- LUIZ FERNANDO VERISSIMO
Desconfio que ainda nos lembraremos destes anos como a época
em que vivemos com o acompanhamento dos alarmes de carro. Os alarmes de carro
são a trilha sonora do nosso tempo: o som da
paranoia justificada.
O alarme é o grito da nossa propriedade de que alguém está
querendo tirá-la de nós. É o som mais desesperado que um ser humano pode
produzir – a palavra “Socorro!” –, mecanizado, padronizado e a todo volume. É
“Socorro!” acrescentado ao vocabulário das coisas, como a buzina, a campainha,
a música de elevador, o “ping” que avisa que o assado está pronto e todos os
“pings” do computador. Também é um som típico porque tenta compensar a carência
mais típica da época, a de segurança. Os carros pedem socorro porque a sua
defesa natural – polícia por perto, boas fechaduras ou respeito de todo o mundo
pelo que é dos outros – não funciona mais. Só lhes resta gritar.

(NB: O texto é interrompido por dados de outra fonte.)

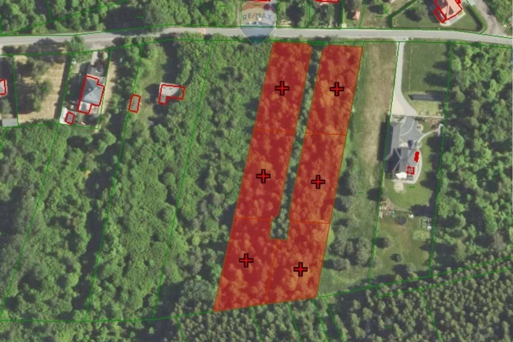 • Działka w kształcie nieregularnym - płaska, częściowo zalesiona
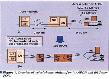 Componentele optice deja dezvoltate la nivelul retelelor de baza sunt evaluate pentru a putea obtine un debit, o banda si o multiplexare mai buna. Am realizat un prototip numit SuperPON, care satisface toate cerintele si care va fi operational in primul sfert al anului 2000. Arhitectura SuperPON-ului este descrisa in urmatoarele paragrafe, fiind explicate si principalele provocari tehnice. Avantajele financiare si posibile scenarii pentru viitor sunt deasemeni atent analizate. Este prezentat in final un rezumat asupra prototipului realizat si posibile planuri pentru viitor.
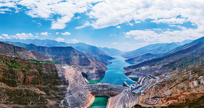 金沙江白鹤滩水电站是实施“西电东送”的国家重大工程,是当今世界在建规模最大、技术难度最高的水电工程。自2021年6月28日首批机组投产发电以来,白鹤滩水电站累计发电量已达256亿千瓦时,相当于减排二氧化碳2000多万吨。图为2022年4月22日拍摄的白鹤滩水电站一景。 新华社发 胡超/摄
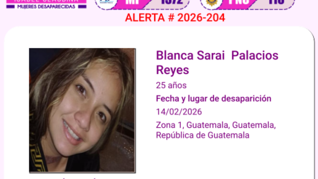 El Ministerio Público de Guatemala activó el 18 de febrero la alerta de búsqueda “Isabel Claudina”, indicando que la desaparición de Blanca Saraí Palacios Reyes, de 25 años, fue reportada en la Zona 1 de la capital guatemalteca.
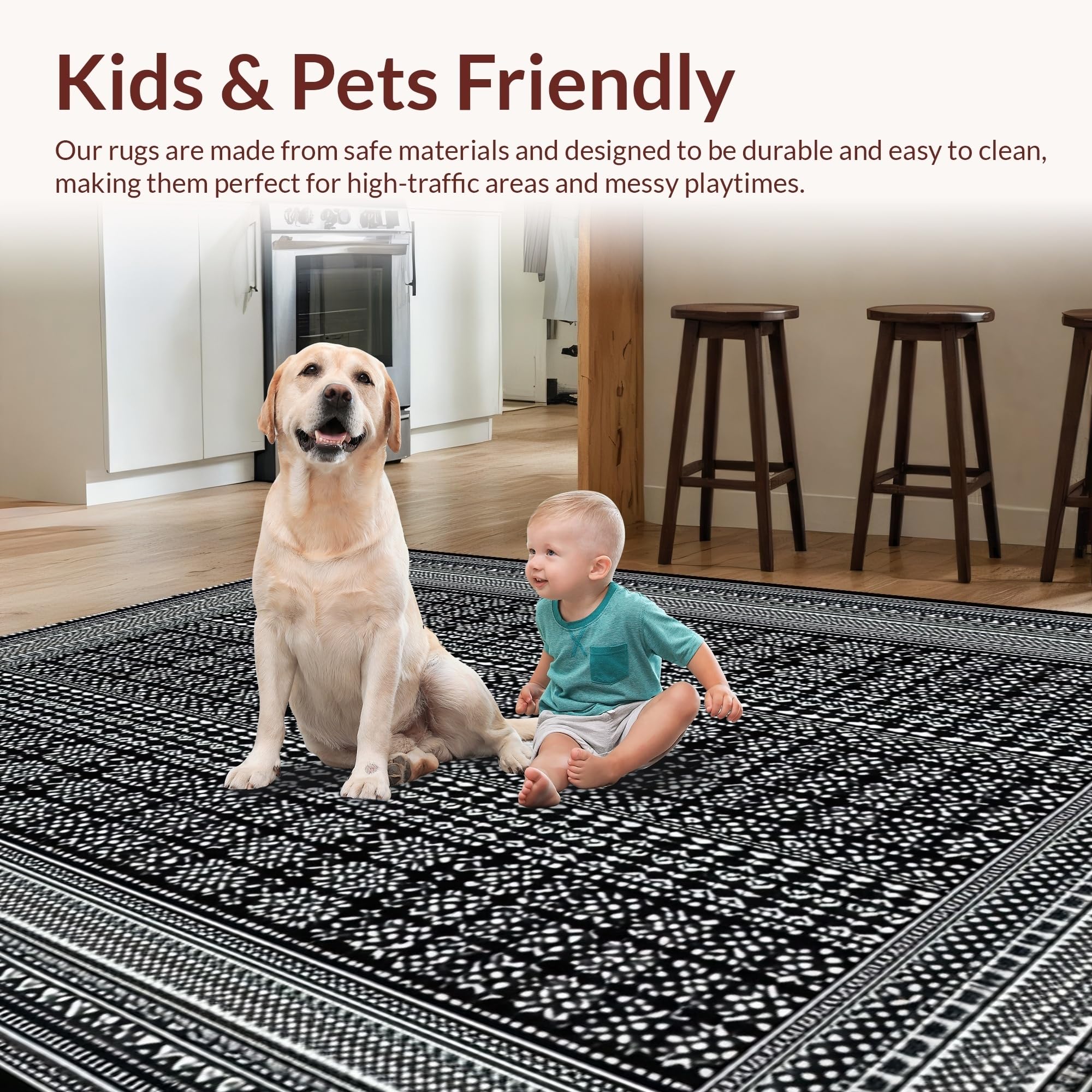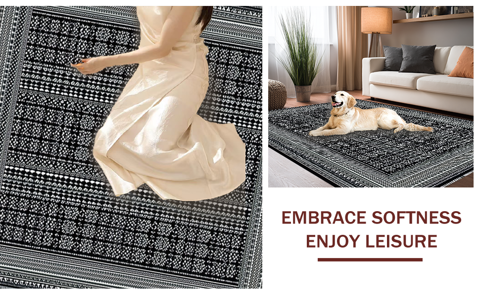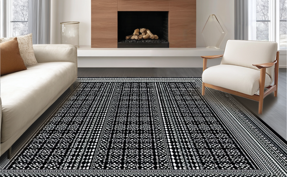 Ultra Soft Area Rug, Non Slip, Stain Resistant, Washable Area Rugs for Living Room, Bedroom, Chic Abstract Geometric Elegance(Black) Overview:
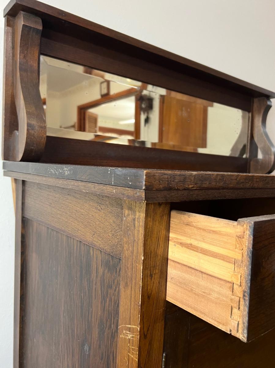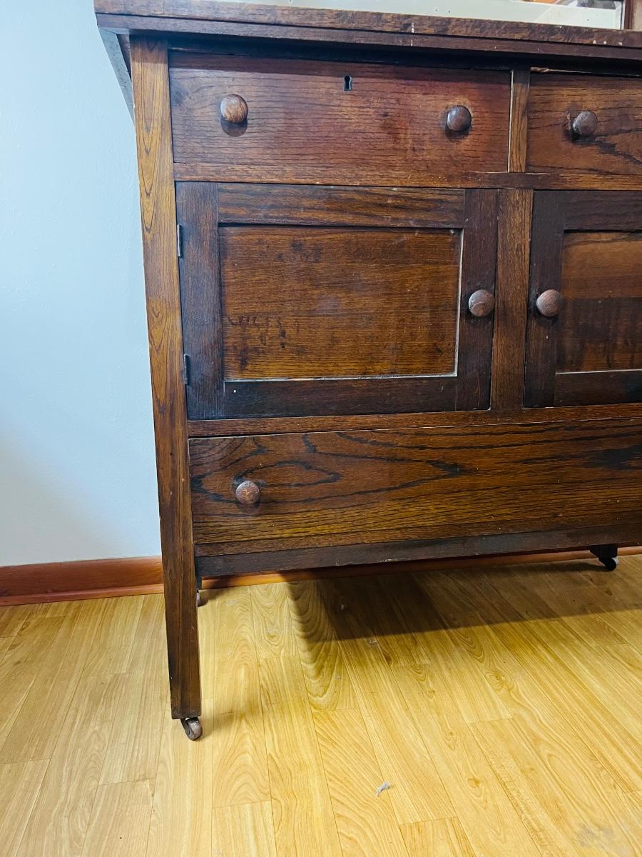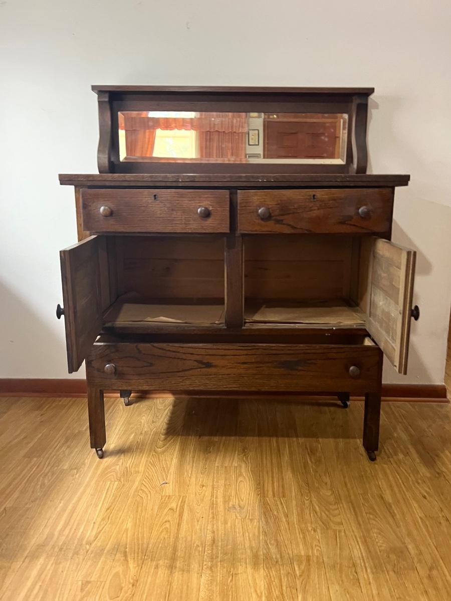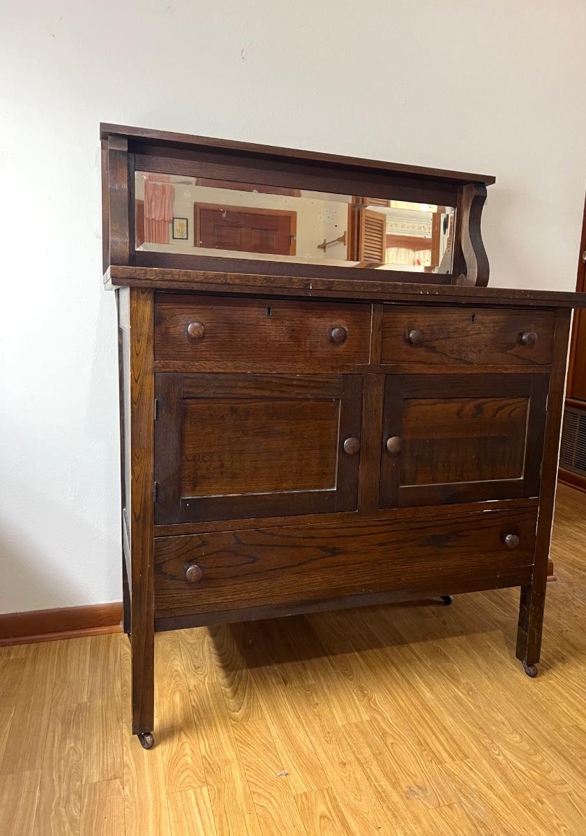Empire Oak Antique Buffet with a mirror on top. This beauty Has been in the family a long time! Solid wood possibly tiger oak. Has plenty of storage Measures 51 inches tall, 42 inches long and 20 inches wide.
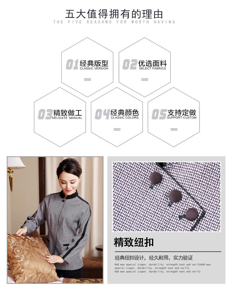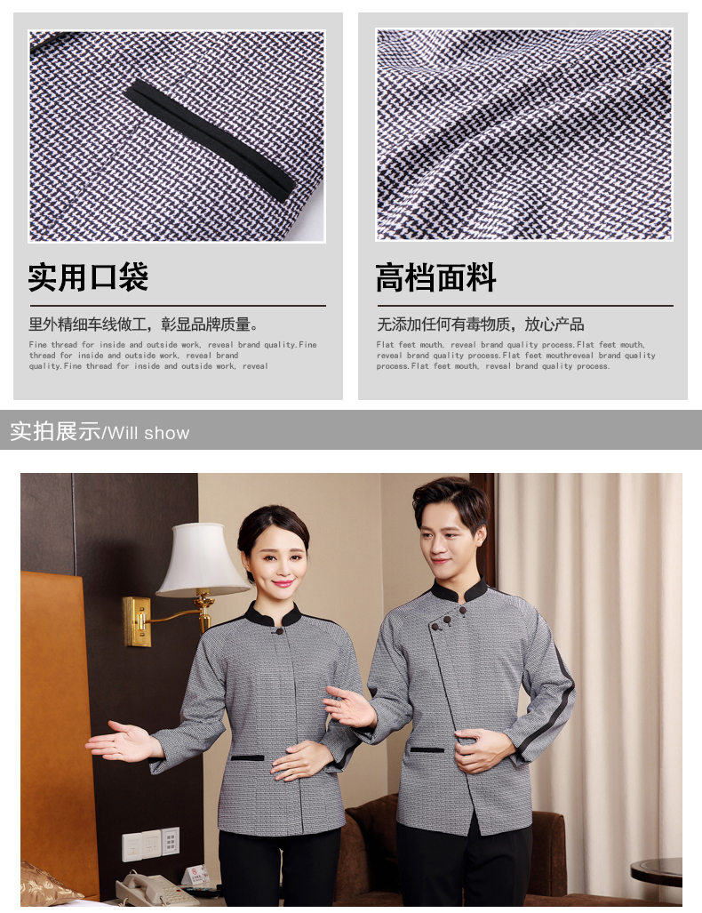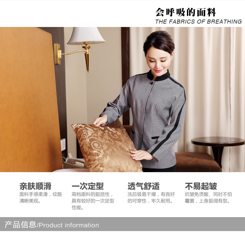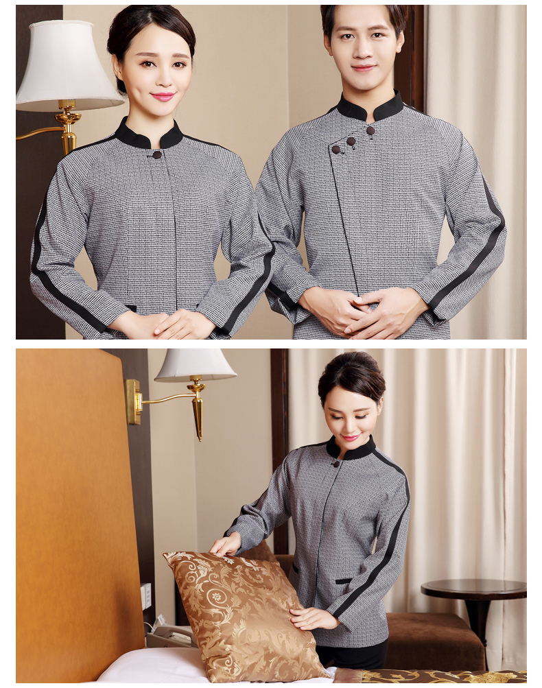 定制工衣春秋季酒店宾馆套装修身棉质清结服务员工作服厂家批发
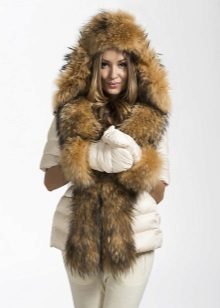 The main fur, which is used by designers - raccoon, arctic fox, less often - fox. Mouton, which is also used for decorating down jackets, can be colored to match the down jacket, for example green, or differ in color, for example, black down jacket with brown sleeves from a muton.
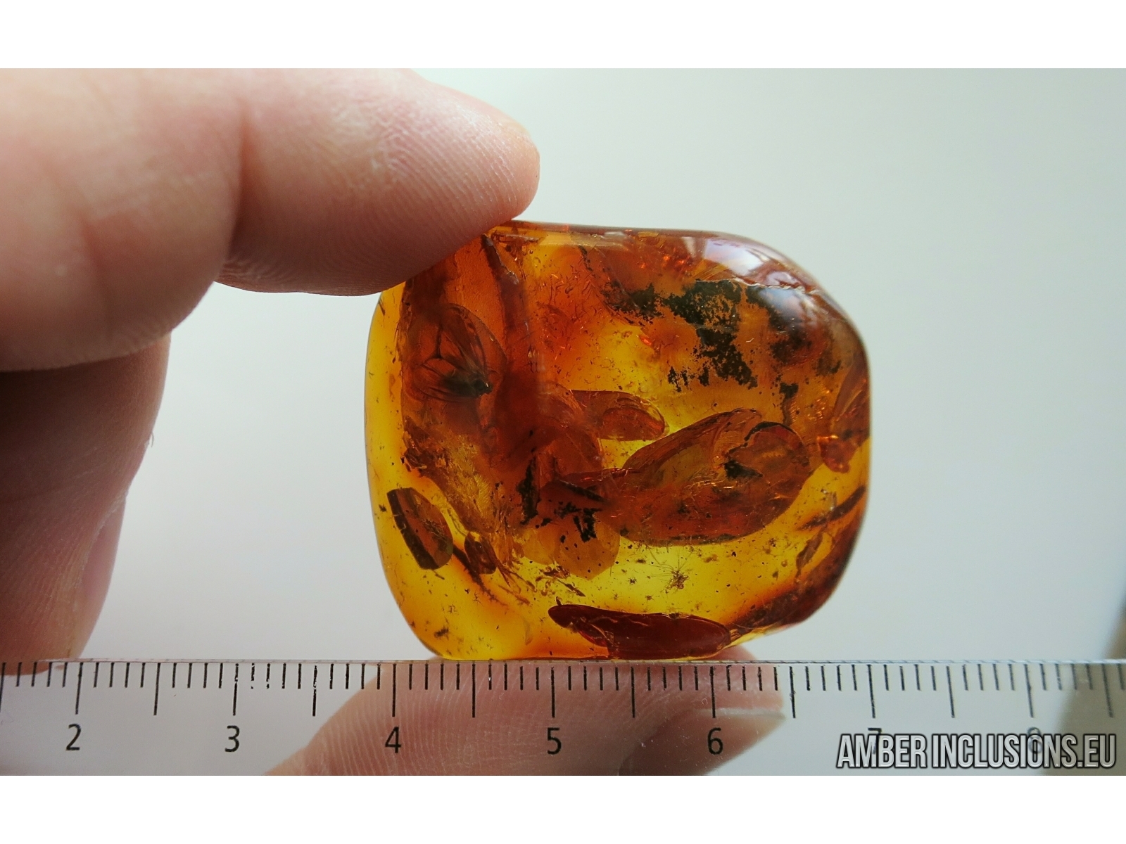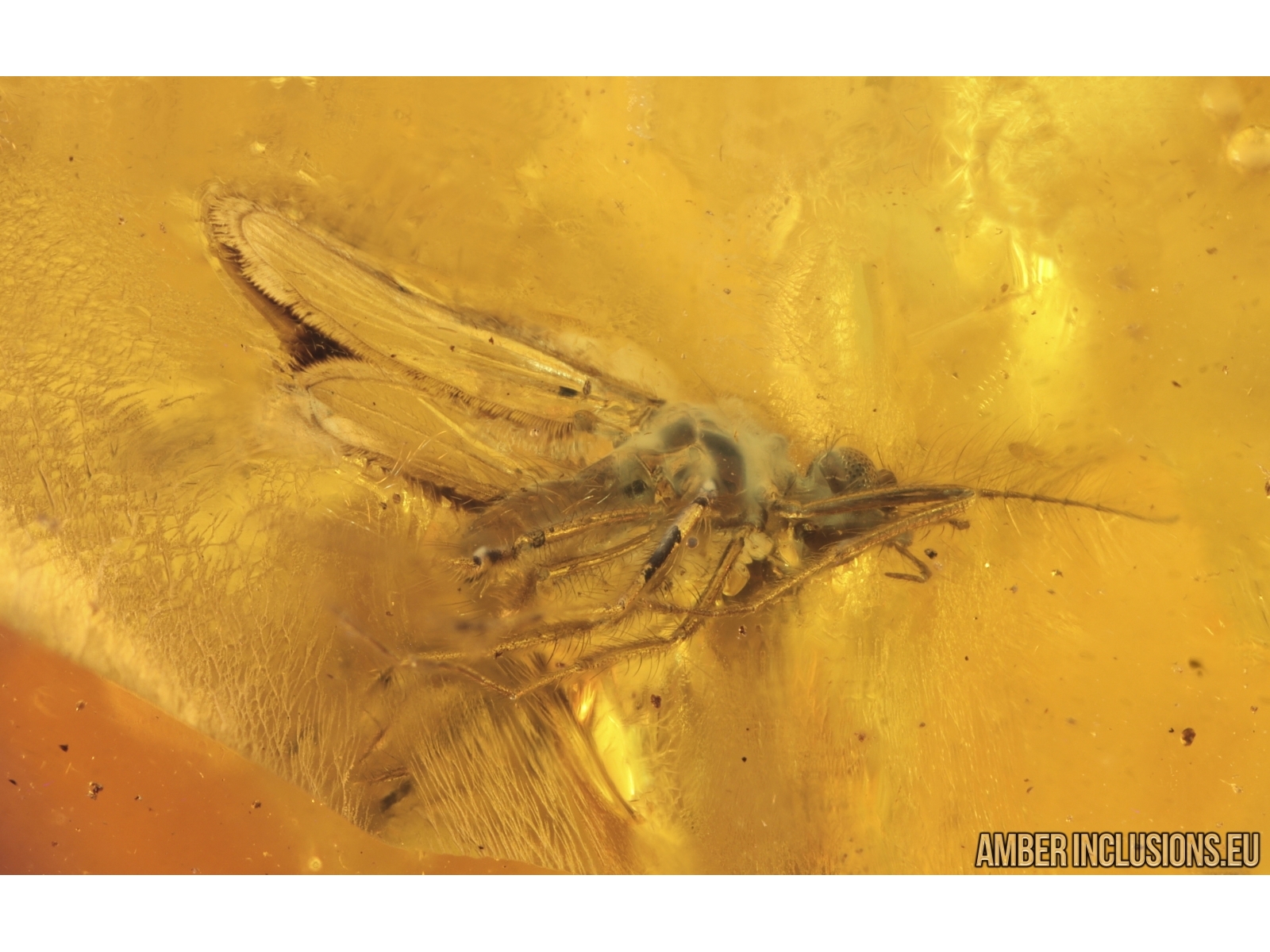 It weighs 8.4 g. Measurements of stone 36x29x12mm, length of planthopper ~4mm, midge ~1.5mm.
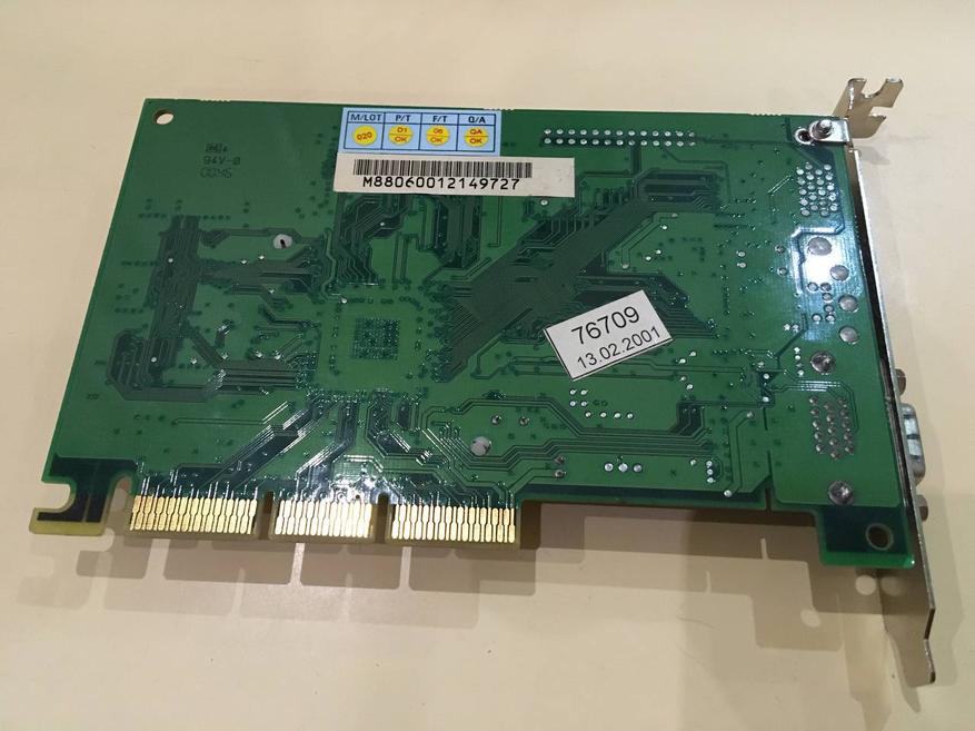 Достаточно качественно выполненная видеокарта с активным охлаждением. Радиатор съёмный и позволяет заменить термопасту, что в те годы было не всегда возможным, ибо зачастую радиаторы приклеивались намертво к чипу на термоскотч или того хуже — на термоклей. Собственно, это была одна из основных причин того что именно этот экземпляр остался у меня в коллекции — прочие были отвратного качества и были проданы от греха подальше, да и в принципе, чтобы место не занимали.
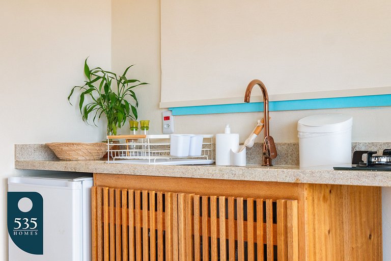 A cozinha é equipada com tudo o que você precisa para preparar refeições: frigobar, forno elétrico, cooktop 4 bocas a gás, liquidificador, cafeteira, sanduicheira e uma mesa para 2 pessoas. Também incluímos uma lixeira seletiva (orgânicos e recicláveis) e um purificador de água, para mais sustentabilidade e praticidade.
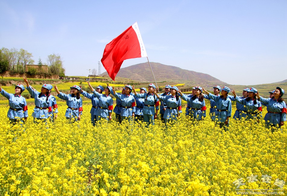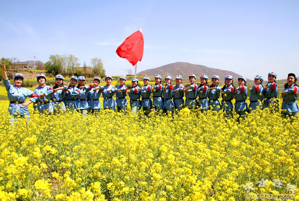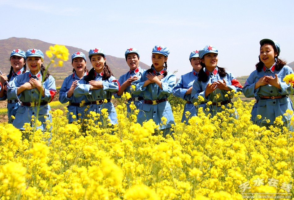 當(dāng)日的龍臺鎮(zhèn)大莊村,油菜花田為舞臺,山川大地為背景,藝術(shù)家們用歌聲贊美山川,歌頌大地的主人。旋鼓舞表演鏗鏘有力,琵琶、古箏要把最美的高山流水之音彈奏給大地聽,情歌對唱抒發(fā)我們最真摯的內(nèi)心情感,武術(shù)表演生龍活虎,葫蘆絲把“友誼地久天長”演繹的淋漓盡致,而英姿颯爽的“紅色娘子軍們”用歌聲贊美祖國的大好山河。 (從1935年9月至1936年10月,紅一、二、四方面軍主力部隊(duì)先后三次經(jīng)過武山縣。)如微風(fēng)吹過的田野,油菜花逐浪排開,表演精彩紛呈激情澎湃。由武山縣委宣傳部和天水在線策劃的《在希望的田野上》“快閃”更是把整個演出活動推向了高潮,驚艷了大地。油菜花田和藝術(shù)元素的完美結(jié)合,集中展現(xiàn)了武山縣脫貧攻堅(jiān)、精神文明、生態(tài)建設(shè)、全域旅游、美麗鄉(xiāng)村建設(shè)的巨大成就。

Também é o som da época porque é o som da intimidação. Sua
função principal é espantar e substituir todas as outras formas de dissuasão
pelo simples terror do barulho. O som da época em que os decibéis substituíram
a razão. Como os ouvidos são, de todos os canais dos sentidos, os mais difíceis
de proteger, foram os escolhidos pela insensibilidade moderna para atacar nosso
cérebro e apressar nossa imbecilização. Pois são tempos
literalmente do barulho.
O alarme contra roubo de carro também é próprio da época
porque frequentemente não funciona. Ou funciona quando não deve.
Ouvem-se tantos alarmes a qualquer hora do dia ou da noite
porque, talvez influenciados pela paranoia generalizada, eles disparam
sozinhos. Basta alguém se aproximar do carro com uma cara suspeita e eles
começam a berrar.
Decididamente, o som do nosso tempo.